During the '80's building boom in New York, Billy Adare is a tunneler (a sandhog) in the day while he attends school at night. His brother, Paddy, is an enforcer, working for Jack Tierney, who runs the construction racket in the West Side of New York.
In this plot driven novel, we learn of the sandhogs, who, at that time, are mostly Irish. The mob is attempting to control the union. They want to replace the Irish with newly immigrated Poles, pay less and keep the difference.
When one union rep is beaten to death by Tierney's crazed brother, Butcher Boy, Billy's friends ask him to check with Paddy to see if he knows who is strong arming them.

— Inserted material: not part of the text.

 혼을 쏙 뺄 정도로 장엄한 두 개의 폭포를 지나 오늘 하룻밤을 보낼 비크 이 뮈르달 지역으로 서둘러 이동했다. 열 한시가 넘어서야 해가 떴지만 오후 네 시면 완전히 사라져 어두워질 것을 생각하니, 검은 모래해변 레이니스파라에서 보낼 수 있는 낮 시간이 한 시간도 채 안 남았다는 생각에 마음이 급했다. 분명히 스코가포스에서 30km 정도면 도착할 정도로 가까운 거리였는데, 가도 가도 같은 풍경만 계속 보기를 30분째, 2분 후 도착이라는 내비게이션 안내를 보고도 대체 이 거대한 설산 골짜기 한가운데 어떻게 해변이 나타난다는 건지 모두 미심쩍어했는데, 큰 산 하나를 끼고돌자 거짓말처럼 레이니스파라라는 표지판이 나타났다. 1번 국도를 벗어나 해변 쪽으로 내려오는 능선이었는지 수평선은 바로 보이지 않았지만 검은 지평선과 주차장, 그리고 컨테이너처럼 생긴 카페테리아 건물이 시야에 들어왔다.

Billy is in the middle of supporting his friends and fellow sandhogs and bettering his future by attending law school.
The author does a good job in describing the violence and ease in which life is taken by mob enforcers. The reader wonders how all of this happened with such little publicity. Being said, there is sadness for these brave sandhogs who want nothing more than to make a living and support their families.

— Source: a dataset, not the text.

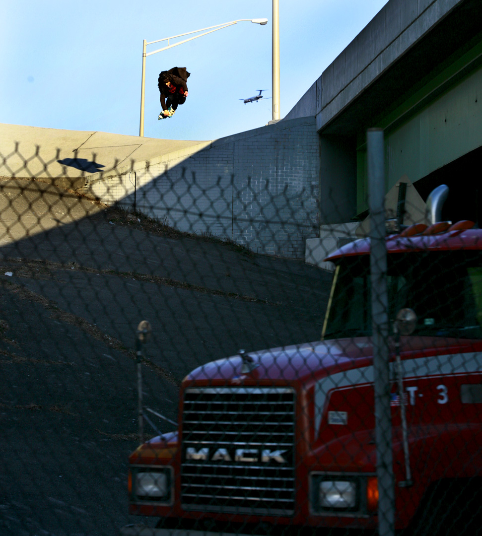 While taking the shot I never would have guessed that this shot would be so complex in its final stage. Somewhere between the speeding Mack truck and the airplane flying alongside Dave, we managed to pull one of my favorite shots of this year, and for Dave the experiance was great. He loved the feeling of airing into such an intense downslope, and he did more than eight gaps while landing seven of them, each time jumping higher and higher. I’m glad to have somone willing to fly so many times, because I was able to film the picture and create a mini edit of the trick. Keep a eye out for a Dave Lang profile in our next issue, that’s Art of Rolling Magazine 7, to see a extensive, in-depth look into the life of Dave, and witness the hammers he’s throwing down in NYC. — Angelo Ferrer
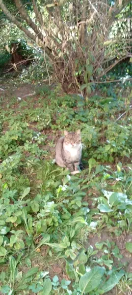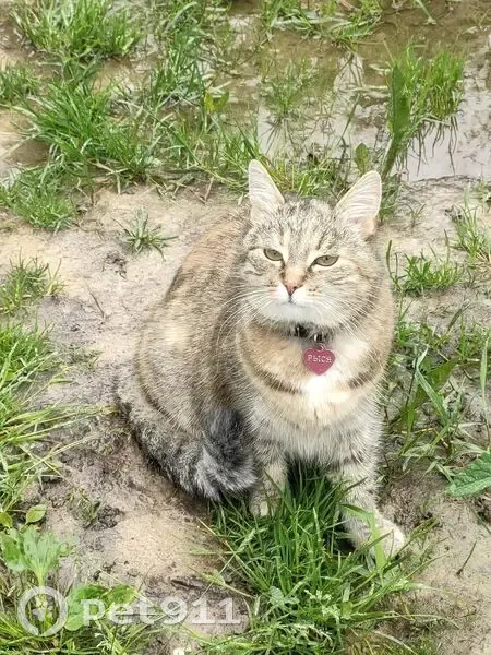 Окрас "шпротинка". Дворовая кошка. Коричнево-серая с чёрным. Жёлтые глазки, тихий голос. Носит ошейник и адресник в форме сердечка. Ей 10 лет. Небольшого размера. 28го после 22.00 ушла гулять по даче и не вернулась.

Billy Adare is well described and is a character who shows that there is promise from the endless repetition of going down into the tunnels. He reaches for better things and the novel seems to say that with the right circumstances and hard work, this can be achieved.
The picture of New York, at that time, with the building boom and the rush to riches, is well done and brings the reader in. The author also brings in the view of the wealthy toward the working men when we see a girl that Billy was dating and the reactions of her family and friends toward her apparent lowering herself to date a man who earned a living with his hands.